AIM OF THE EXERCISE>
What is needed is an exact reproduction of the lines in the records below, starting at the line with "Our free-size cotton" and ending at the line with "USA Jahressatz 2005", both included, and nothing else; pictures stay out.

EXERCISE INPUT>
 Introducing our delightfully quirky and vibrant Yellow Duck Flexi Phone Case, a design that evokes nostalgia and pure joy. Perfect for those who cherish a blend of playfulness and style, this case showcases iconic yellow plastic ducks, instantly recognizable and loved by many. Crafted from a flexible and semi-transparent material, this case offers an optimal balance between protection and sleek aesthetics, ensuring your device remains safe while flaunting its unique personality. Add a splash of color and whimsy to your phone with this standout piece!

---

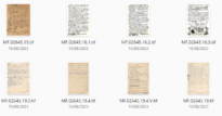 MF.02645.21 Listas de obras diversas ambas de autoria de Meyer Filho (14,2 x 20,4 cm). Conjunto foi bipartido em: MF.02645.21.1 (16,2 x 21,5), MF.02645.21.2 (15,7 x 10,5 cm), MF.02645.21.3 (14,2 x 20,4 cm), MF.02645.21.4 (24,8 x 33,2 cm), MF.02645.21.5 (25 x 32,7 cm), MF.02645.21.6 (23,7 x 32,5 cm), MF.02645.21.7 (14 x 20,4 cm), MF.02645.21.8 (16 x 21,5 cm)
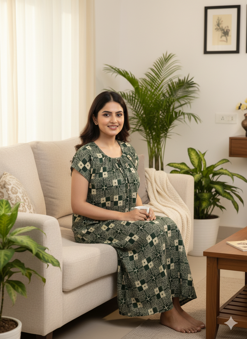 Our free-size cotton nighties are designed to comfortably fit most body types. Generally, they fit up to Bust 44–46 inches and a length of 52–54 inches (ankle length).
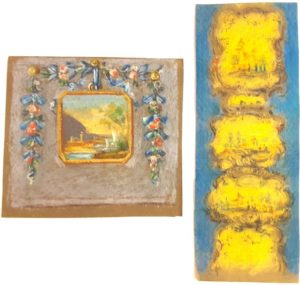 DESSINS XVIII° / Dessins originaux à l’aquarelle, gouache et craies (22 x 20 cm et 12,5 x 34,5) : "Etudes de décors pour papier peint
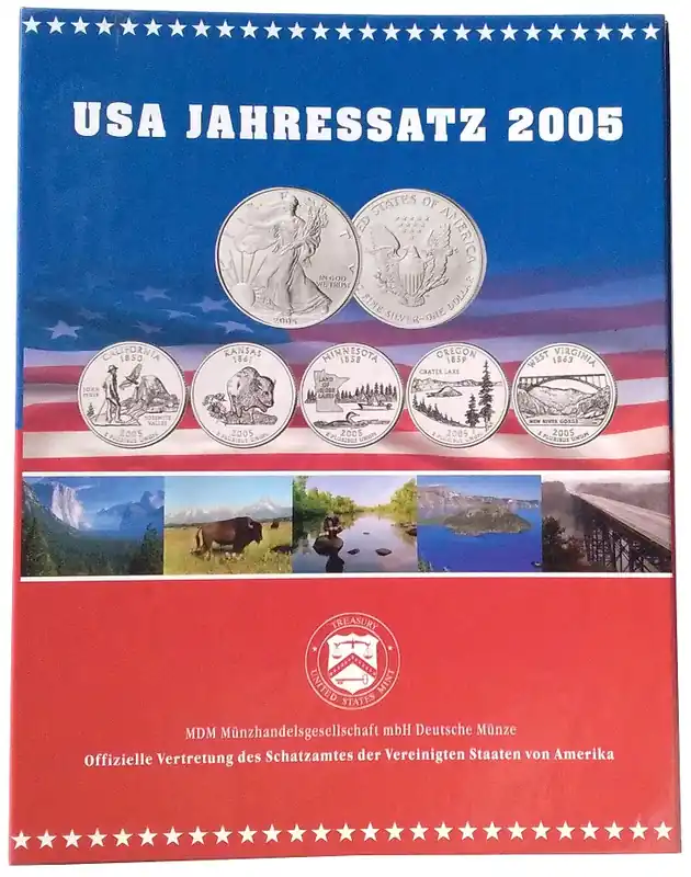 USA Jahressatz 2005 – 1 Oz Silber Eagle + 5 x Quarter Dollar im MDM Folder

YOUR SOLUTION>
 Our free-size cotton nighties are designed to comfortably fit most body types. Generally, they fit up to Bust 44–46 inches and a length of 52–54 inches (ankle length).
 DESSINS XVIII° / Dessins originaux à l’aquarelle, gouache et craies (22 x 20 cm et 12,5 x 34,5) : "Etudes de décors pour papier peint
 USA Jahressatz 2005 – 1 Oz Silber Eagle + 5 x Quarter Dollar im MDM Folder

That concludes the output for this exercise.